爆炸性硅质火山爆发对社会构成了重大威胁,但其背后硅质岩浆系统的发展和不稳定仍然存在争议。锆石同时提供了有关硅质岩浆系统微量元素组成和年龄的信息,而石英和斜长石中的熔融包裹体则提供了有关其挥发物含量和岩浆储存深度的重要制约因素。锆石中的熔融包裹体(MIZs)结合了来自单一矿物颗粒的这些数据,记录了岩浆的年龄、贮存深度、温度和成分,从而为硅质岩浆系统的结构和演化提供了独特的约束条件。我们研究了安第斯山脉南部 Laguna del Maule(LdM)火山区的 MIZs,该火山区是全球最活跃的更新世-全新世流纹岩火山中心之一,也是一个潜在的危险系统,其膨胀率超过 25 厘米/年。主锆石年龄表明,LdM MIZ 的记录可追溯到火山爆发前约 30 千年,而 LdM 斜长石和石英晶体中的熔融包裹体仅在火山爆发前几十年至几百年才形成。MIZs的主要元素组成受喷发后结晶的影响很小,与LdM流纹岩全岩数据非常吻合。MIZs记录了两个喷发单元(rdm:Laguna del Maule流纹岩与rle:Los Espejos流纹岩)之间锆石饱和熔体成分的长期差异。与 rdm MIZs 相比,rle MIZs 的主要元素组成更为复杂,这表明 rdm 晶泥与比 rle 晶泥更原始的岩浆体之间存在长期的深层联系。在 MIZs 中观察到的 H 缓慢扩散的证据表明,它们的 H2O 含量并没有受到 H 通过主锆石扩散的显著影响。
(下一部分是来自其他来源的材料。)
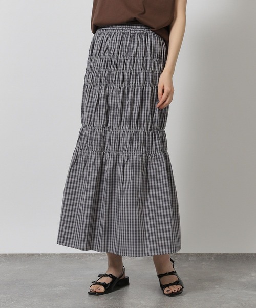 シャーリングデザインがポイントのスカート。 ウエストゴム仕様で着脱もしやすく、チェック柄がスタイリングのアクセントになる1枚です。 フレアなシルエットですがシャーリングでボリュームが抑えられほどよい細身のシルエットをお楽しみいただけます。 【素材】 綿100%の軽くて柔らかな素材感。 【スタイリング】 長めの着丈なので合わせるトップス選ばずスタイリングできます。 コンパクトトップスとはすっきりに、ロングトップスとはルーズな雰囲気で相性も〇
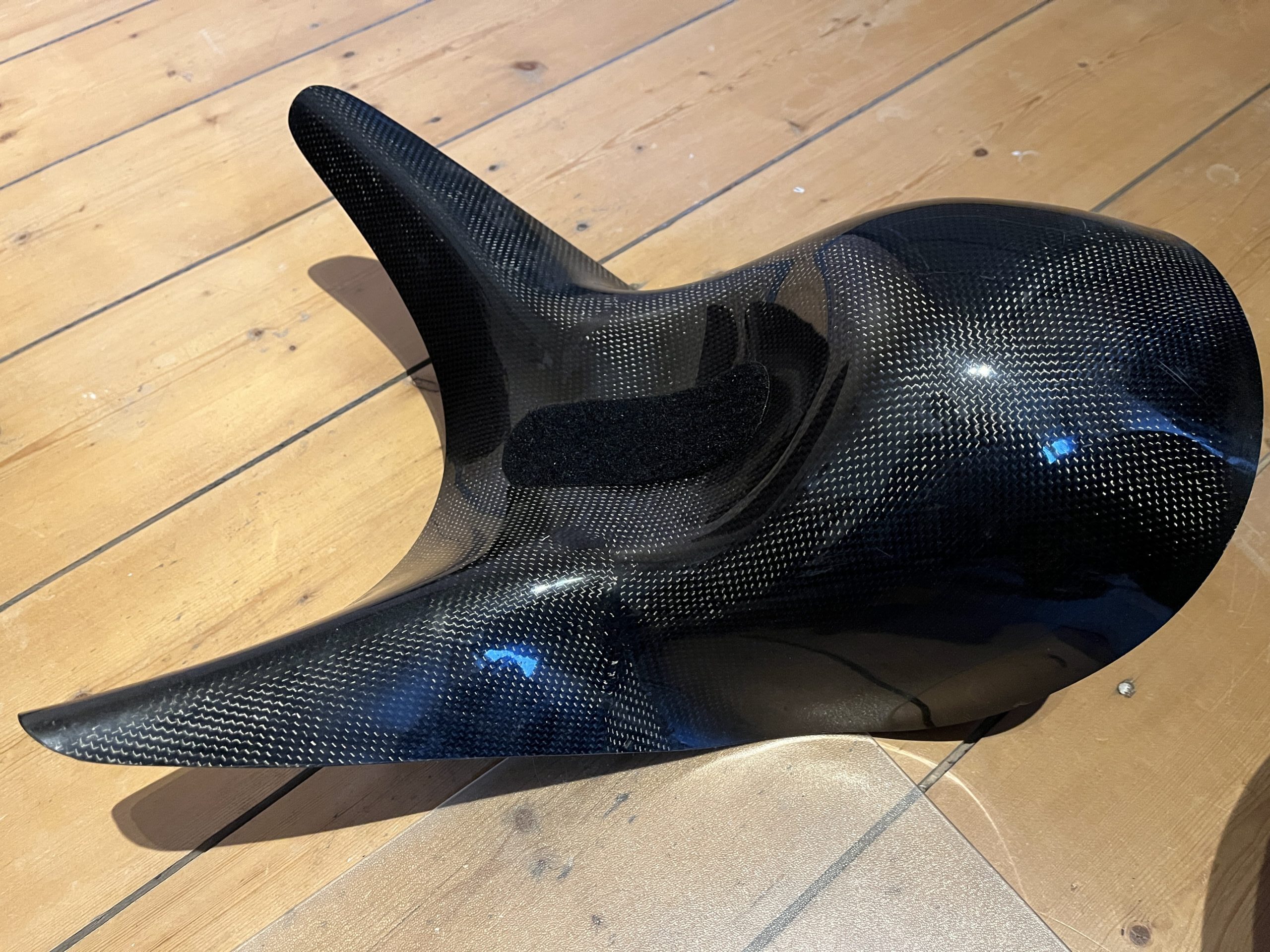 Een andere vreemde vondst in mijn verzameling willekeurige onderdelen van Velomobile SH is deze carbon hoofdsteunadapter. Dit model is de grootste hoofdsteunadapter. Als u wat meer steun achter uw hoofd nodig heeft, kan deze adapter uitkomst bieden. Normaal gesproken zijn deze vrij duur, maar ik heb er geen gebruik voor, dus u kunt ze nu voor een spotprijsje krijgen.

rdm和rle MIZ的H2O含量所记录的1.1至2.8千巴的岩浆储存压力与基于热力学建模的硅质岩浆储层生长、储存和喷发的最佳喷发窗口(2.0 ± 0.5千巴)是一致的(Huber等人,2019年)。
本文章由计算机程序翻译,如有差异,请以英文原文为准。

Melt inclusions in zircon: a window to understanding the structure and evolution of the magmatic system beneath the Laguna del Maule volcanic field

Melt inclusions in zircon: a window to understanding the structure and evolution of the magmatic system beneath the Laguna del Maule volcanic field

Explosive silicic eruptions pose a significant threat to society, yet the development and destabilization of the underlying silicic magmatic systems are still controversial. Zircons provide simultaneous information on the trace element composition and age of silicic magmatic systems, while melt inclusions in quartz and plagioclase yield important constraints on their volatile content as well as magma storage depth. Melt inclusions in zircons (MIZs) combine these data from a single mineral grain, recording the age, storage depth, temperature, and composition of magmas, and thus provide unique constraints on the structure and evolution of silicic magmatic systems. We studied MIZs from the Laguna del Maule (LdM) volcanic field in the southern Andes that is among the most active Pleistocene-Holocene rhyolitic volcanic centers worldwide and a potentially hazardous system displaying inflation rates in excess of 25 cm/yr. The host zircon ages suggest that the LdM MIZ record extends to ~ 30 kyr before eruption, in contrast to the melt inclusions in LdM plagioclase and quartz crystals that formed only decades to centuries before eruption. The major element compositions of MIZs are minimally affected by post-entrapment crystallization, and agree well with the LdM rhyolitic whole rock data. The MIZs record long-term differences in zircon-saturated melt composition between two eruptive units (rdm: Rhyolite of the Laguna del Maule vs. rle: Rhyolite of Los Espejos). The more evolved major element composition of rle MIZs than rdm MIZs, suggests a long-term deeper connection of the rdm crystal mush to a more primitive magma body than that of the rle. The evidence of slow H diffusion observed in MIZs suggest that their H2O contents are not significantly affected by diffusion of H through the host zircon. The magma storage pressures of 1.1 to 2.8 kbars recorded by the H2O contents of rdm and rle MIZs are consistent with the optimal emplacement window (2.0 ± 0.5 kbar) of silicic magma reservoir growth, storage, and eruptibility based on thermomechanical modeling (Huber et al. 2019).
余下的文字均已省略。